Despite the network's burgeoning growth, barriers remain that threaten to stymy future growth. Mark Greby, the senior vice president and chief operating officer, Alaska Aerospace Corp., identified these barriers as: "uncertainty about access to launch facilities caused by government policies; a un-intended bias in procurement and acquisition policies which tend to favor federal ranges and specific launch providers; procurement policies which favor evolved expendable launch vehicles; a lack of long-term federal funding; difficulties faced by new firms getting a 'voice' at FAA and Department of Defense forums regarding commercial space issues, preventing them from becoming an equal player in the community."
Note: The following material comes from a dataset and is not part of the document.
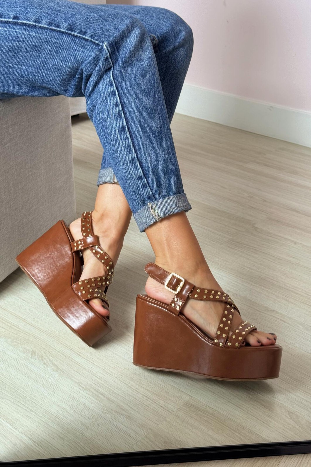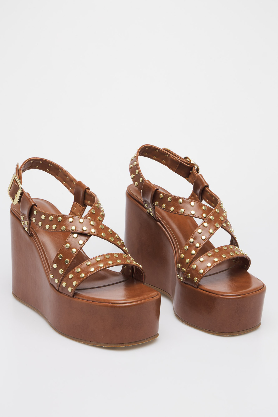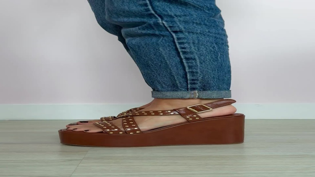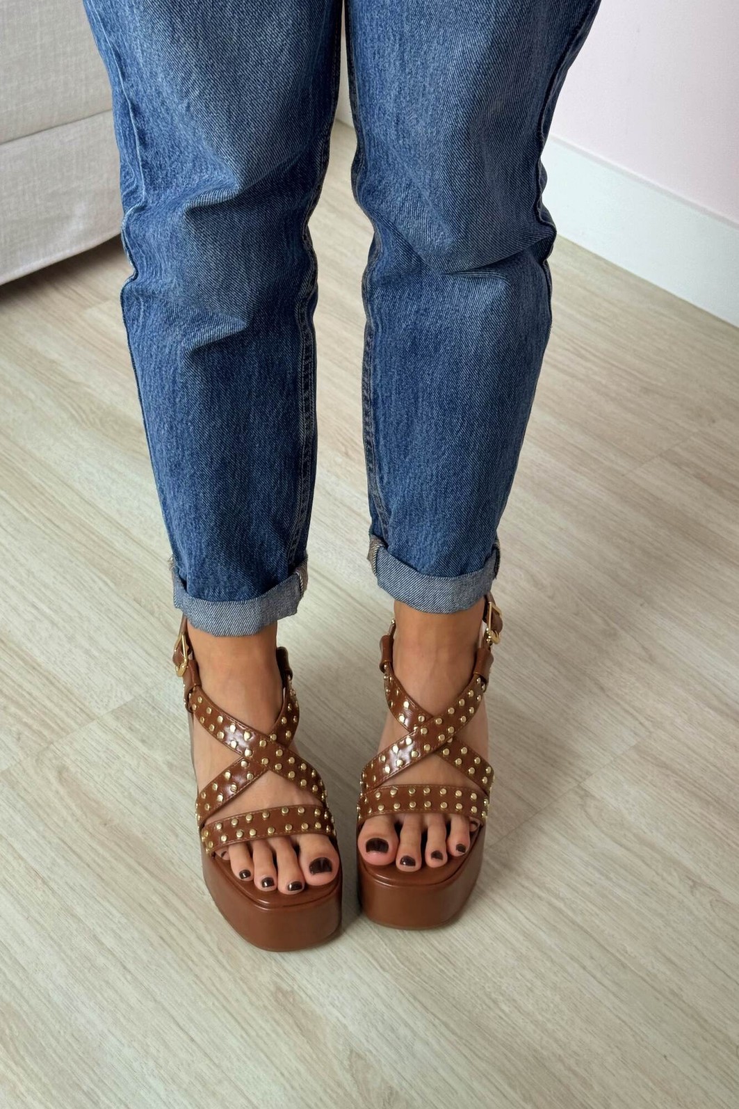 A Sandália Fabiana Camel MIST é a definição de estilo e conforto. Com inspiração boho chic, sua plataforma anabela oferece altura com estabilidade, enquanto as tiras cruzadas são adornadas com tachas douradas para um toque sofisticado.

Todd Linder, senior manager of aviation planning and development at the Jacksonville Aviation Authority added that "horizontal launch facilities face concerns the impact of launch operations on domestic air traffic," noting that the FAA initially balked at giving Jacksonville's Cecil Spaceport an operations permit due to concerns about "launch traffic going through the heavily travelled east coast air corridor." Linder also noted that "since the national air traffic control system stops at 60,000 feet , it's logical to assume, with increasing launch traffic, that more than one vehicle would eventually be operating above the 60,000 foot threshold at one time, making determining how that traffic will be controlled a priority." Linder felt that a lot of the barriers the panelists identified could be mitigated, or eliminated, through legislative initiatives crafted to remove many of the barriers identified by Greby.
"Spaceports, right now are islands, but they are starting to talk to each other, so the process of connecting and developing them must go on," said Gulliver, reinforcing Greby's earlier statement that spaceport growth is contingent on "creating dynamic partnerships with other launch sites." Both Guliver and Greby reinforced the belief that by communicating and working together, the nation's spaceport community will continue growing, and will continue providing robust launch services to all clients - further driving growth in the sector.